I have no issue with property destruction. I think sometimes it’s appropriate, sometimes it’s not. Again, I look at it strategically. Does this help us or does it hurt us? Does it help us achieve our goal, or does it not? We’re in a society where property is idolized, so a lot of people don’t get it yet that it doesn’t really matter. It’s just glass or products.

It’s exactly what we do in training. We try to help people understand that what’s violent to one is not violent to another. And what might be violent in one situation might not be violent in another situation. It’s very subjective.

The windows being broken in Seattle had absolutely nothing to do with whether we shut down the WTO or not. It didn’t add value in that sense. And if the goal was to cost these corporations some money, well then maybe it’s an effective tactic. But I’d have to weigh it against what we gain and what we lose by it.

I am of the belief that we need as many people as possible involved in this movement. Do our actions bring people in or push them out? Because there is a process of change that people go through, we have to start where they are and move them a step at a time and support them in taking that step, which involves risks. I believe strongly in direct action because it moves people a lot of steps really fast. It’s one of the most transformative vehicles I’ve ever seen for people.

There’s a time and place for everything, including tactics. If you’re doing a sit-down blockade in a place that’s completely unstrategic, and you’re going to get the shit beat out of you, that doesn’t seem especially smart. Our bodies, our lives, are too valuable to unnecessarily sacrifice them. But if our bodies are being used in a place that is strategic and effective and that’s the consequence of it, then I think people are willing to do it.

I think that what we found in Seattle is that people felt hugely successful because, while their bodies received a lot of abuse, those blockades were effective; they kept people out. In D.C., where some of our bodies received some real abuse at blockades that were not necessarily being effective, people thought, well, this is stupid. So we need to recognize that we are valuable and limited resources and need to take care with how we apply them and use them.

That’s why I had such mixed feelings about Quebec. On one hand, it was just amazing and liberating, but many were hurt. Overall, it was such a missed opportunity.

AS SOMEONE with a background in labor organizing, how do you see that we can keep the student and labor solidarity built in Seattle going in future demonstrations?

I THINK the coalition is continuing to build. When Sweeney came in and started doing "Union Summer," he really ignited a lot of interest among young people in the labor movement. Since then, you’ve seen much more involvement in sweatshop stuff, living wage and union organizing drives. In fact, it’s really the students that are leading labor at this point.

The big question always is what labor is going to do about some of these big global issues.

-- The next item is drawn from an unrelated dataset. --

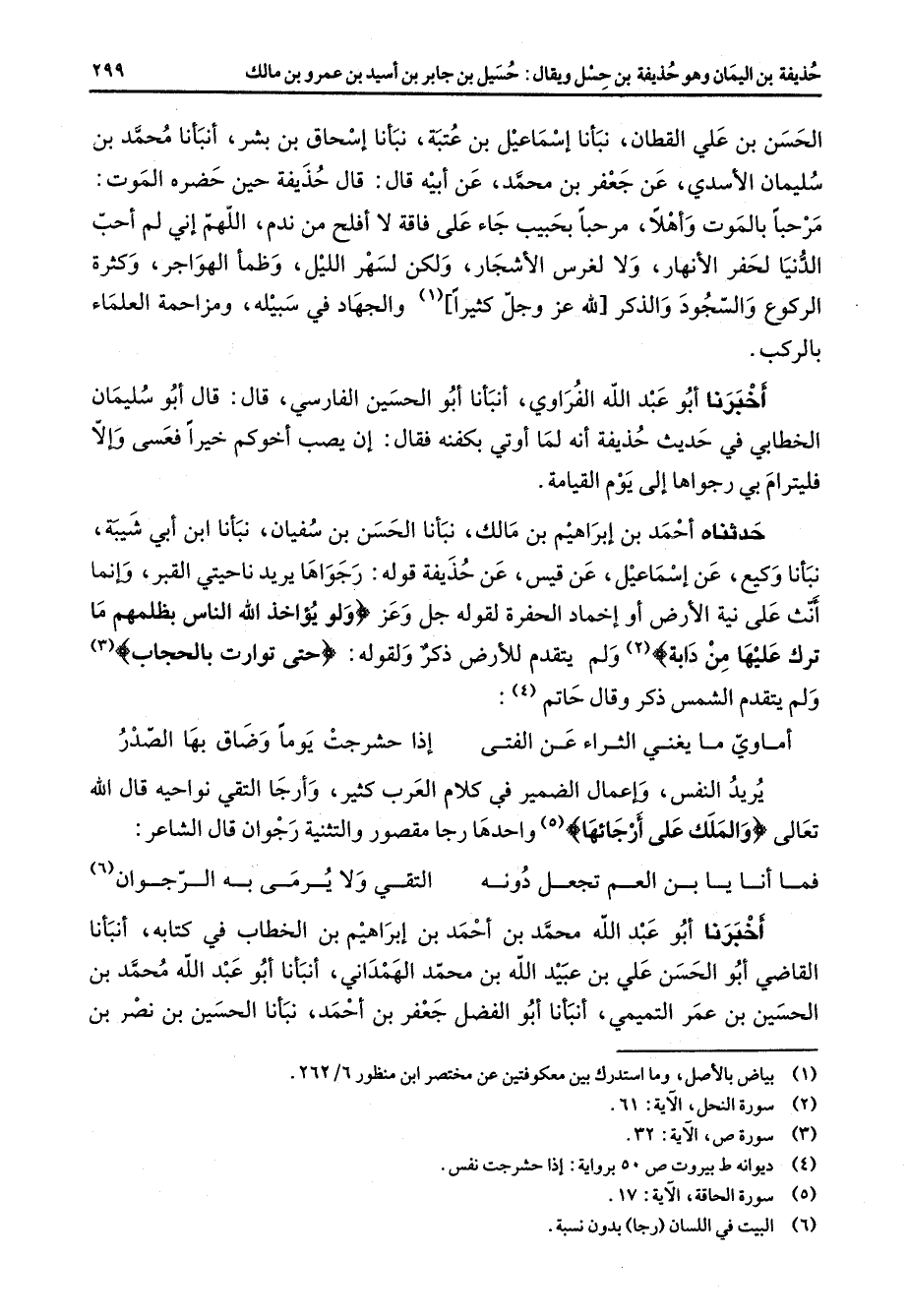 الحسن بن علي القطان نبأنا إسماعيل بن عتبة نبأنا إسحاق بن بشر أنبأنا محمد بن سليمان الاسدي عن جعفر بن محمد عن أبيه قال قال حذيفة حين حضره الموت مرحبا بالموت وأهلا مرحبا بحبيب جاء على فاقة لا افلح من ندم اللهم أني لم احب الدنيا لحفر الأنهار ولا لغرس الاشجار ولكن لسهر الليل وظمأ الهواجر وكثرة الركوع والسجود والذكر لله عز وجل كثيرا (1) والجهاد في سبيله ومزاحمة العلماء بالركب اخبرنا أبو عبد الله الفراوي ابنأنا أبو الحسين الفارسي قال قال أبو سليمان الخطابي في حديث حذيفة انه لما اوتي بكفنه فقال أن يصب اخوكم خيرا فعسى وإلا فليترام بي رجواها إلى يوم القيامة حدثناه احمد بن إبراهيم بن مالك نبأنا الحسن بن سفيان نبأنا ابن أبي شيبة نبأنا وكيع عن إسماعيل عن قيس عن حذيفة قوله رجواها يريد ناحيتي القبر وانما انث على نية الأرض أو اخماد الحفرة لقوله جل وعز " ولو يؤاخذ الله الناس بظلمهم ما ترك عليها من دابة " (2) ولم يتقدم للارض ذكر ولقوله " حتى توارت بالحجاب " (3) ولم يتقدم الشمس ذكر وقال حاتم (4) * أماوي ما يغني الثراء عن الفتى * إذا حشرجت يوما وضاق بها الصدر * يريد النفس وإعمال الضمير في كلام العرب كثير وأرجا التقي نواحيه قال الله تعالى " والملك على أرجائها " (5) واحدها رجا مقصور والتثنية رجوان قال الشاعر * فما أنا يا بن العم تجعل دونه * التقي ولا يرمى به الرجوان * (6) اخبرنا أبو عبد الله محمد بن احمد بن إبراهيم بن الخطاب في كتابه أنبأنا القاضي أبو الحسن علي بن عبيد الله بن محمد الهمداني أنبأنا أبو عبد الله محمد بن الحسين بن عمر التميمي أنبأنا أبو الفضل حعفر بن احمد نبأنا الحسين بن نصر بن

They have taken some good positions, but will they hold them, and how far are they willing to go? I think if labor does not continue to take steps to be an equal partner in a coalition around these critical issues, or if they make agreements that lead to unsatisfactory settlements, taking them out of the movement, a lot of young people will become very disillusioned with labor, and we will have lost any hope of building the power base we need.

I really hold labor responsible for a lot. They have a lot of power and resources. I think that they had a wake-up call in Seattle. I really feel that in Seattle they finally realized that they were not the only 800-pound gorilla around. There are actually other forces out there that have power to change things.

And then at A16, they were not really coming on board. And then, two weeks before, when they realized that something was going to happen there, they’d better be a part of it than not. And a lot of good work that some groups did around them allowed them to come on board. Since then, a lot more good work has happened, especially by Jobs with Justice, to make sure that labor is a player early on in the upcoming mobilization against the IMF and World Bank in September/October.